There is a close relationship between Mvet Lunar Diptych and Sanford Biggers’s Tunic (2003), a bubble down jacket and feathers that takes inspiration from a plumed ceremonial cape from Cameroon in the Museum’s collections; both works dramatically set in motion a collision with historical, geographic, and cultural references. As documented in their collaborative mixed-media performance Cosmic Conundrum (2009), Adkins played the saxophone wearing Biggers’s Ghettobird Tunic (2006), a variation on his earlier version. This connection foregrounds the multimedia exchange and dialogue between contemporary African American artists and their relationship to ancestral roots on the African continent while complicating ideas of the Western art object as a singular bounded thing.
Robert Pruitt (born 1975, Houston, TX; active New York, NY), Shadow Boxing, 2006. Conté crayon and charcoal on butcher paper, 203.2 × 157.5 cm. Museum purchase, Kathleen Compton Sherrerd Fund for Acquisitions in American Art. © Robert Pruitt
In Shadow Boxing Pruitt portrays an acquaintance nicknamed “Brother-in-Law.” His attire incorporates details from hip-hop and gang culture, while his face gear is a striated Kifwebe mask from the Congo River basin, which Pruitt includes as much for its associations with witchcraft and mysticism as for its appropriation by Western artists.
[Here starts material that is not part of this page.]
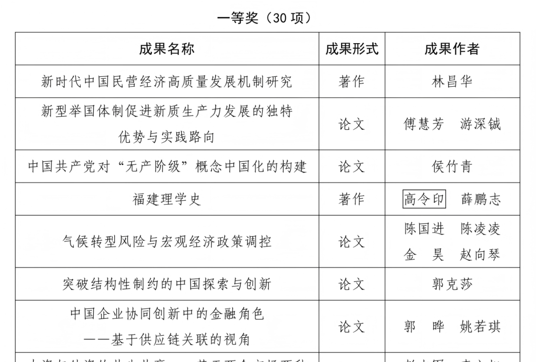 根据《福建省社会科学优秀成果奖励办法》,经研究,决定授予《新时代中国民营经济高质量发展机制研究》等30项成果福建省第十六届社会科学优秀成果一等奖,《国家治理现代化中的社会协商治理研究》等70项成果福建省第十六届社会科学优秀成果二等奖,《“新的文化生命体”的历史唯物主义内涵》等150项成果福建省第十六届社会科学优秀成果三等奖,《数字技术赋能生态文明建设:理论基础、作用机理与实现路径》等30项成果福建省第十六届社会科学优秀成果青年佳作奖。

Expressively gestural, Pruitt’s drawing joins several portraits in the Museum by contemporary Black artists that complicate the role of figuration in the articulation of Black identity in the twenty-first century. These include Toyin Ojih Odutola’s triptych Birmingham (2014), a set of lithographs that reflects the intricate striated and shimmering topography of her figure drawings. According to Odutola, these head and shoulder portraits of a Black man are based on photographs she took of one of her brothers in Birmingham, Alabama—hence the title, which is unusual within the artist’s oeuvre for its geographic specificity. Like Pruitt, Odutola has challenged the restrictive notion of space in the representation of the Black figure, commenting, “That the black image is profitable in certain spaces—within the realm of entertainment or sports, for instance—was off-putting, to say the least.